Extracted data entries:
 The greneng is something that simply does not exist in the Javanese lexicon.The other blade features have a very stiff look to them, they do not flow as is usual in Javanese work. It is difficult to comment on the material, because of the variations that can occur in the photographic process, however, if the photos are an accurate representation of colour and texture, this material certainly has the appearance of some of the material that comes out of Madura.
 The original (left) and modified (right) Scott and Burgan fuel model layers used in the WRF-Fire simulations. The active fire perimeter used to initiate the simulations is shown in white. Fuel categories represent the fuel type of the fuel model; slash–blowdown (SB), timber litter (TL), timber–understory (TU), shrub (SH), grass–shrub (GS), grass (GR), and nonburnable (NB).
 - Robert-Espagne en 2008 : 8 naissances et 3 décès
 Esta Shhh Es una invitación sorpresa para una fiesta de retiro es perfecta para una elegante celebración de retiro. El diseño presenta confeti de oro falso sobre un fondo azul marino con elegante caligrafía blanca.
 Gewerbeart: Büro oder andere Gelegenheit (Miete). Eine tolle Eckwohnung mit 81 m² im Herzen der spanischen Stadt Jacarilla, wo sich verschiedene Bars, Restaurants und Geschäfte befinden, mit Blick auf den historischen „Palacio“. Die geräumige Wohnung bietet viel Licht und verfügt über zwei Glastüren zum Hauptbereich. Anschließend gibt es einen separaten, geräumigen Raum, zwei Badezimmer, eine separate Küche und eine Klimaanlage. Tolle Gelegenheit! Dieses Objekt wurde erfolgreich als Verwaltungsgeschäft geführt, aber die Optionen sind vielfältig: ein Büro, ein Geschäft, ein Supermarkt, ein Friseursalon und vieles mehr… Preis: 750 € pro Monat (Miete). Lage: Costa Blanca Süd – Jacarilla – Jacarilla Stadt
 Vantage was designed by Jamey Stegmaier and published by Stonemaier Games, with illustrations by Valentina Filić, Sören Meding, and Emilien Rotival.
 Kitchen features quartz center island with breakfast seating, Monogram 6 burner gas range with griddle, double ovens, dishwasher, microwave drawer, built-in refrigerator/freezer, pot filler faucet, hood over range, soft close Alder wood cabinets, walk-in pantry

**DIRECTIONS:**
Where the line containing "Vantage was designed" appears in the records above, begin there and print every line through the last, exactly and with nothing else.

**SOLUTION FOR THIS PROBLEM:**
 Vantage was designed by Jamey Stegmaier and published by Stonemaier Games, with illustrations by Valentina Filić, Sören Meding, and Emilien Rotival.
 Kitchen features quartz center island with breakfast seating, Monogram 6 burner gas range with griddle, double ovens, dishwasher, microwave drawer, built-in refrigerator/freezer, pot filler faucet, hood over range, soft close Alder wood cabinets, walk-in pantry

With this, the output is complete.